Ce n’est pas forcément celui que je préfère mais je trouve que c’est un moment qui est très particulier et rempli de paradoxe dans la mesure où je trouve que c’est beaucoup plus calme que la journée. Il y a beaucoup moins l’effervescence des gens. Il y a une sorte de calme et, en même temps, il y a une montée d’angoisses et de pensées qui sont dues au fait que l’on se retrouve seul avec son esprit et son repos. Il y a aussi une dimension très intime liée à la nuit parce que nous n’y voyons pas forcément les mêmes personnes que pendant la journée. Il y a un aspect plus choisi. Personnellement, c’est un moment durant lequel je vais avoir plus d’inspirations et je vais avoir plus de matière à les exploiter.

Dans tes chansons, tu abordes beaucoup le sujet de l’amour…Quel est ton mot ou expression d’amour préféré ?

Je trouve que l’amour est un thème si vaste, sans limites et un sentiment à la fois universel et unique que c’est très compliqué de devoir choisir un seul mot. J’ai envie de me dire que je ne pourrai jamais les épuiser. Manquer de mots est l’expression qui résulte le mieux dans cette situation.

Le féminisme est un sujet très présent dans notre société actuellement. Penses-tu être une artiste féministe ?

Je suis assurément une personne féministe dans la mesure où c’est absolument vital d’être féministe dans notre époque et dans toutes les autres. Je crois que c’est le chemin le plus naturel et normal à emprunter. Ça serait assez paradoxal et un peu à côté de la plaque de ne pas l’être. Ce mot enveloppe beaucoup et pas assez de choses.

Il est aussi de plus en plus question d’un engagement chez les artistes… Selon toi, cet engagement est-il indispensable chez les artistes ?

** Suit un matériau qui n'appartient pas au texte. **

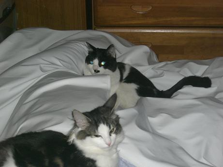 昨日の朝は、とても冷え込みました。朝、寒かったのか、めずらしくミュウが布団の中に入ってきました。そして、マーシャも...。ミュウは私の足の間、マーシャは腰のあたりで寝てました。お互いに気づかなかったのかな?たまにはこんなに近くにいることも...。(いつもマーシャは目つきが悪いな~)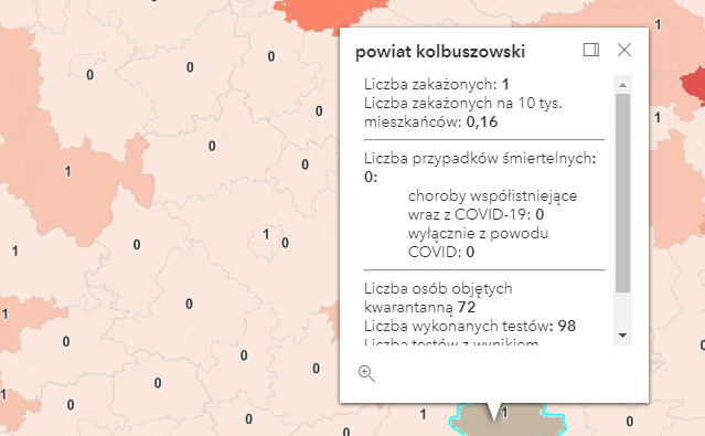 Zakażenia według powiatów:

Je pense qu’à partir du moment où on est un personnage public, on se doit de porter une parole. Il est inutile de porter une parole qui ne nous convient pas ou qui ne nous représente pas. Je porte les paroles qui me représentent et qui sont les miennes sans me définir comme militante ou activiste. Je suis simplement qui je suis et dès cet instant, c’est un engagement. Être une femme dans la société actuelle, c’est déjà un acte militant et ça suffit presque à soi-même pour être un engagement et être porte-parole sans avoir à prendre la parole dans un débat. C’est déjà être engagée…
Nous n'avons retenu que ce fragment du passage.